Qarabaghi or Qara Baghi (قره‌باغی) is a Hazara tribe in Afghanistan and Pakistan, that originates from the Qarabagh district of Ghazni province in Afghanistan.

== Etymology ==
Qarabagh is a compound of the Turkic word qara or kara, meaning black, and the Persian word bagh, meaning garden, creating the compound meaning of 'black garden'. It is cognate to the Azeri word Qarabağ (/az/), as in the Karabakh region of the Lesser Caucasus.

==Geographic distribution==

Most Qarabaghi live in and originate from the aforementioned Qarabagh District of Ghazni Province.
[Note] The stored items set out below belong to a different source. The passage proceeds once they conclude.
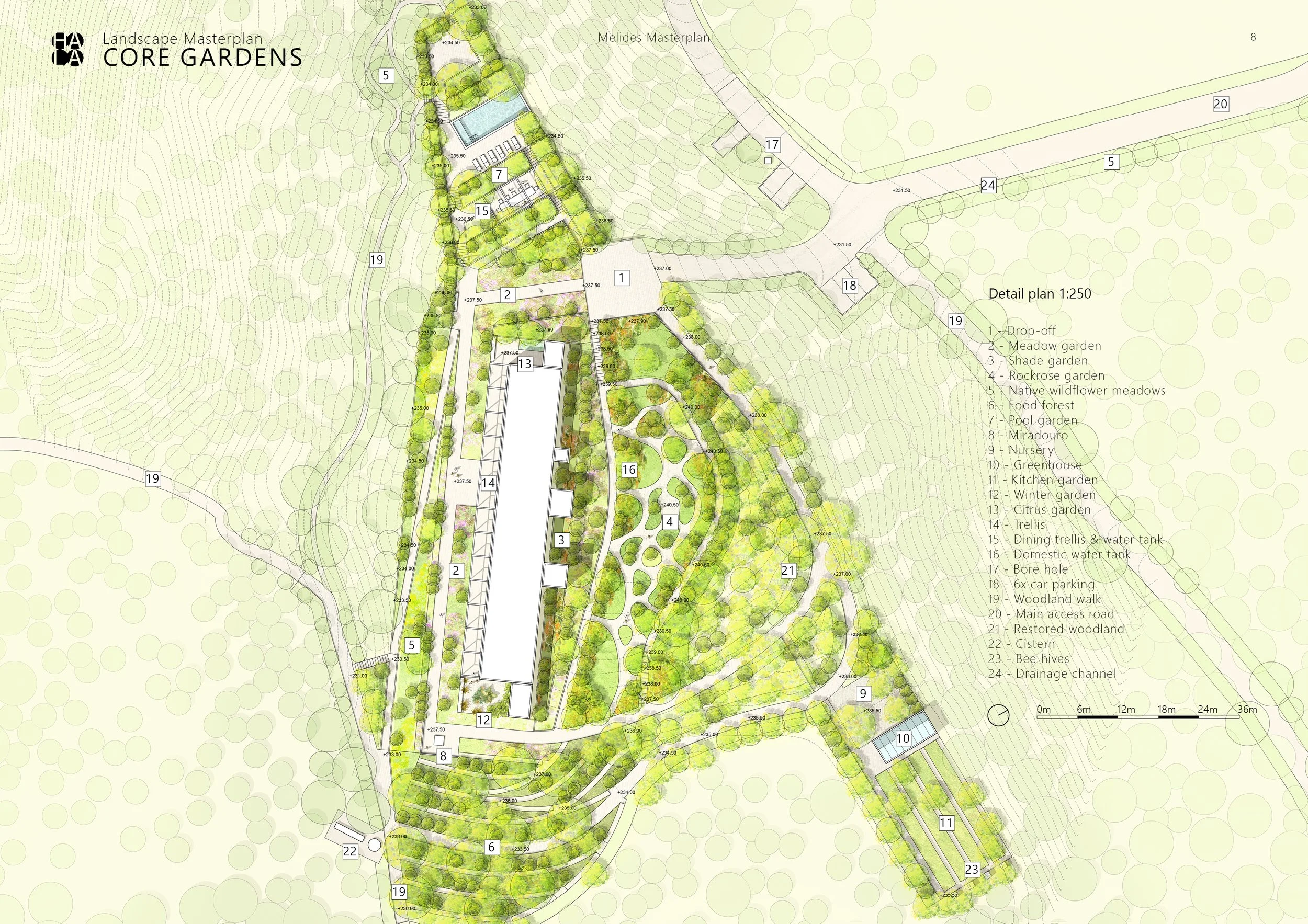 HA Landscapes was invited by the client to develop a Landscape Masterplan for a hotel and residence within a 10 hectare property in the hills of Grandola, located along the Atlantic coast in south-west Portugal. The concept for phase 1 of the landscape design was borne out of an interpretation of the potential natural vegetation of the surrounding cork oak and narrow-leaved mock privet forest sigmetum. Due to the sites topography along a high ridge, the proposed gardens surrounding the hotel occupy independent plains within the landscape, responding to gradients in soil moisture and soil depth across the space.
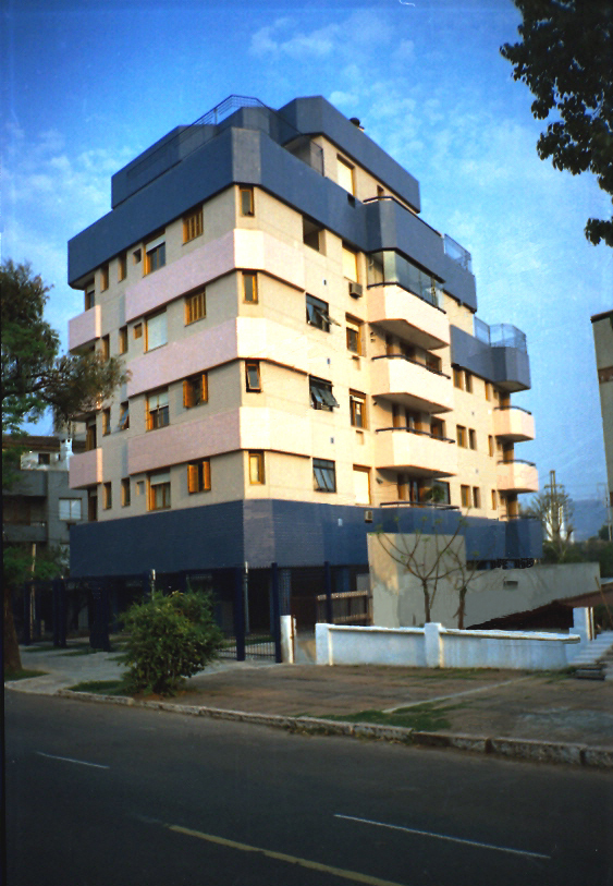 Porto Alegre/RS Edifício de apartamentos de 1 e 2 dormitórios projetados em terreno com forma triangular, o que exigiu soluções arquitetônicas diferenciadas para obter-se apartamentos confortáveis.
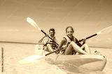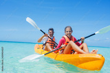 Happy girl and her father kayaking at tropical sea on yellow kayak
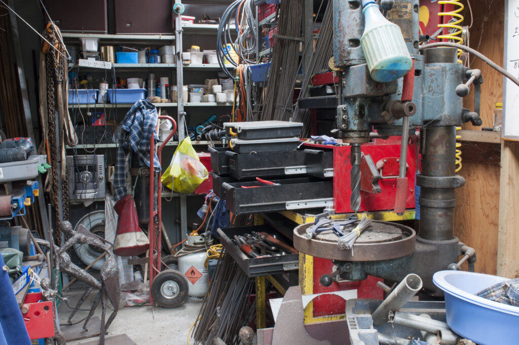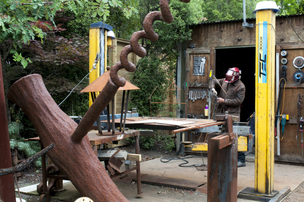 Allan has built everything on the property himself, from the house, sheds and a cob cottage to the garden furniture, sculptures and machinery needed to create them. His central piece of equipment, outside his welding apparatus, is an old car hoist fitted with a crane-like device that enables him to lift up his sculptures and work on them at a comfortable height. “I bought the winch and track and made my own arm. It grunts and groans but does the job.”

The Qarabaghi are one of the major Hazara tribes in the city of Quetta, along with the Dai Zangi, Uruzgani, and Maska. The Qarabaghi mainly reside in the Nauabad locale, with a minority living in the Mari Abad and Hazara Town areas. There is also a Qarabaghi minority in Australia and Indonesia, as well as other countries that the Hazara reside in.

== Relations with the Taliban ==
The Qarabaghi tribe is notable for its close relations with the Taliban, which arose due to their close proximity to the Sunni Pashtun population surrounding them, with which they even intermarry. The tribe has joint security initiatives with the Taliban, and a number of its members became Taliban fighters, participating in the Taliban insurgency.